Java(TM) SE Runtime Environment (build 1.8.0_221-b11)
Java HotSpot(TM) 64-Bit Server VM (build 25.221-b11, mixed mode)
(The patch version 221
may be different.)
Python 3.6 or 3.7 is required. PySpark doesn't yet support 3.8.
We recommend using Anaconda. Installation instructions are here.
Then run the following commands to set up the demo environment, including Python 3.7, PySpark, and Ray:
$ conda env create -f environment.yml
$ conda activate spark-ray
If you prefer to use pip
instead, first ensure you have a supported version of Python installed:
$ python --version
Python 3.7.7
If needed, Python installation instructions are here.
Installation instructions for pip
are here.
Now run the following command to complete the setup.

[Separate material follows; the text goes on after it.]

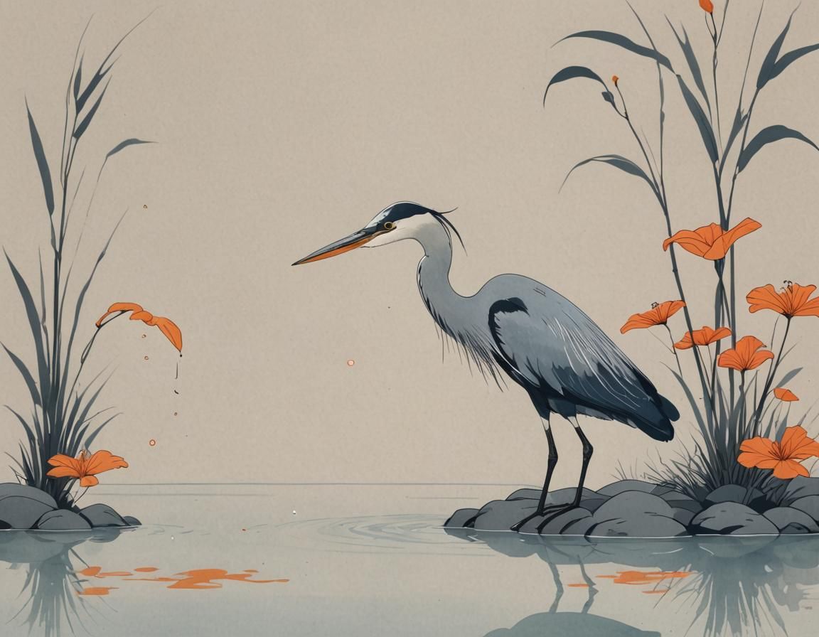 Make your own minimalist drawings of herons, koi, and other wildlife with our free AI image generator.

$ pip install -r requirements.txt
First, start Jupyter Lab as follows:
$ jupyter lab
A browser window will open with the UI.
Double click Spark-RayUDF.ipynb to open the notebook and work through the self-contained example.

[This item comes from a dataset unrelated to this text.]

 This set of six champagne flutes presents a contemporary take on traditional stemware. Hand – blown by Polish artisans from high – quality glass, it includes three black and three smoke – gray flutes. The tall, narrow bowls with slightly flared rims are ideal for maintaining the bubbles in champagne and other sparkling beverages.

There is a second implementation (for completeness), where the UDF makes HTTP requests to a separate service, implemented with Ray Serve. In other words, Ray isn't embedded in the PySpark UDF for this example. The service invoked could be implemented in any technology.
To Run this variant, first evaluate all the cells in the ray-serve/DataGovernanceServer.ipynb notebook. This runs the server for Data Governance requests.
Then work through the ray-serve/Spark-RayServiceUDF.ipynb notebook.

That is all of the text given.